++++ RECORDED INFORMATION
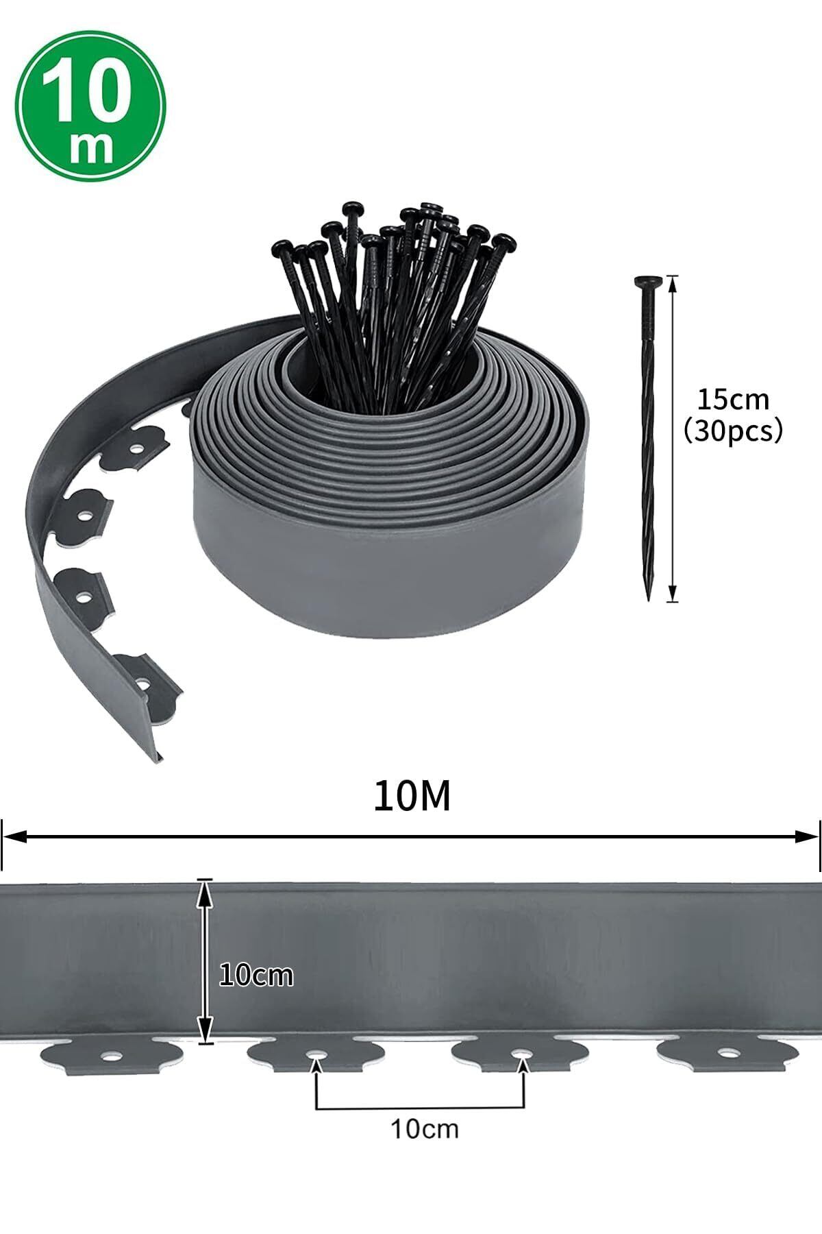 ガーデンエッジ フェンス 土留め 園芸シート 花壇 芝生 根止め 境界線用 柵 固定ピン 裁断可能 ガーデニング DIY 土と芝の根 庭造り 造園 手入れ 間仕切り 設置簡単 (高さ10cm×長さ10m, ブラック)
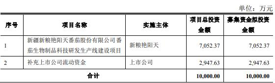 同时,公司拟向不超过35名特定对象发行股份募集总额不超过10,000.00万元的配套资金,不超过本次发行股份购买资产交易对价的100.00%,且发行股票数量不超过发行前公司总股本的30.00%。募集配套资金拟在支付本次重组相关费用后投入新疆新粮艳阳天番茄股份有限公司番茄生物制品科技研发生产线建设项目、补充上市公司流动资金。
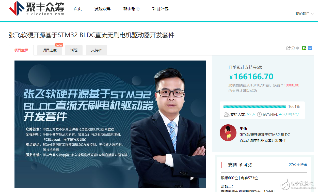 圖1: 張飛老師在華強(qiáng)聚豐眾籌平臺(tái)上的“BLDC直流無刷電機(jī)驅(qū)動(dòng)”培訓(xùn)課程上線后迅速獲得了1661%的認(rèn)購(gòu)結(jié)果。(本次眾籌頁(yè)面鏈接:http://z.elecfans.com/220.html)
++++++++
WORK ORDER
Would you please give the material above again, unchanged but without pictures?

OUTPUT OF THE TASK
 ガーデンエッジ フェンス 土留め 園芸シート 花壇 芝生 根止め 境界線用 柵 固定ピン 裁断可能 ガーデニング DIY 土と芝の根 庭造り 造園 手入れ 間仕切り 設置簡単 (高さ10cm×長さ10m, ブラック)
 同时,公司拟向不超过35名特定对象发行股份募集总额不超过10,000.00万元的配套资金,不超过本次发行股份购买资产交易对价的100.00%,且发行股票数量不超过发行前公司总股本的30.00%。募集配套资金拟在支付本次重组相关费用后投入新疆新粮艳阳天番茄股份有限公司番茄生物制品科技研发生产线建设项目、补充上市公司流动资金。
 圖1: 張飛老師在華強(qiáng)聚豐眾籌平臺(tái)上的“BLDC直流無刷電機(jī)驅(qū)動(dòng)”培訓(xùn)課程上線后迅速獲得了1661%的認(rèn)購(gòu)結(jié)果。(本次眾籌頁(yè)面鏈接:http://z.elecfans.com/220.html)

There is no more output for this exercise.